Et voici donc que quinze ans après sa disparition, Duras fait son entrée dans le Panthéon des « classiques », avec la publication des deux premiers tomes de ses Œuvres complètes dans la Pléiade. L’occasion de relire mais aussi de découvrir. Par exemple, son second roman, La vie tranquille, qui même s’il croule un peu parfois sous un psychologisme indigeste, installe déjà les bases de ce qui fera la particularité de l’univers durassien : une femme au prise avec des désirs inconciliables, une famille dysfonctionnelle, des envies d’infini, symbolisé par l’image de la mer et une tension entre la mort et le désir.
Effet purgatoire ou oubli, j’ai remarqué que la blogosphère parlait finalement très peu des romans de Duras. Alors ? Des impressions, des souvenirs ?
Référence :
Œuvres complètes - volumes 1 et 2, Marguerite DURAS, Bibliothèque de la Pléiade, 2011.
On a lu l'amant pour la chaine des livres, et honnêtement, ce fut vraiment une belle surprise!
RépondreSupprimerJoli billet !
RépondreSupprimerJe n'ai jamais lu Duras, elle fait partie pour moi de ces écrivains qui impressionnent, souvent à tort, parce que j'imagine une œuvre complexe, peut-être rébarbative...
J'ai le même a priori avec Proust, dont je viens de me procurer les premiers tomes de "La recherche..".
Je note donc qu'il faudra qu'un jour, je lise Duras...
j'ai lu l'amant, quelle écriture sensuelle et merveilleuse ! Clara ( le retour)
RépondreSupprimerTu as reçu la Pleiade Duras à Noël ? Tu as été gâté si c'est le cas :) Il faut que j'avoue : j'ai dû lire Moderato cantabile en dernière année du secondaire, et ça m'a éloignée de cette romancière...
RépondreSupprimerTu as raison de dire que Duras est peu présente sur les blogs. Suite à la publication de mon billet sur "La maladie de la mort", j'avais remarqué que beaucoup de blogueuses rechignaient à la lire.
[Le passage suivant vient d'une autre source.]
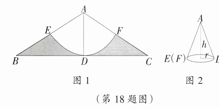 18. (邵阳中考)如图1,在等腰三角形ABC中,∠BAC = 120°,AD是∠BAC的平分线,且AD = 6,以点A为圆心,AD长为半径画$\overset{\frown}{EF}$,交AB于点E,交AC于点F.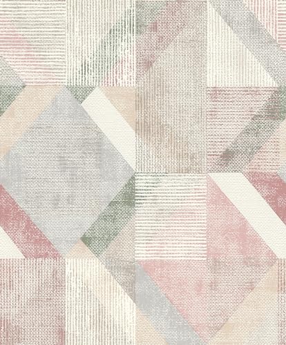 Rasch Wallpaper 311914 - Non-Woven Wallpaper with Triangles and Squares in Dusky Pink, Beige, Green and Grey from The Color Your Life Collection - 10.05 m x 0.53 m (L x W)

RépondreSupprimerD'après le peu que j'ai lu d'elle, il me semble que son style est peu accessible et exigeant en ce qu'il invite le lecteur à chercher au delà du silence souvent instauré comme un personnage à part entière.
Ses livres sont rarement légers. Aussi nécessitent-ils une certaine concentration de la part du lecteur. C'est peut-être ça qui en décourage certain(e)s ?
Alors je suis fière d'en avoir déjà parlé sur mon blog ;-p. J'aime beaucoup cette auteur, depuis le secondaire, grâce à ma professeur de français qui nous avait fait découvrir le film "Hiroshima mon amour" (inutile de dire que je me suis précipitée sur le livre après!). Je n'avais pas réalisé qu'elle était si absente de la blogosphère.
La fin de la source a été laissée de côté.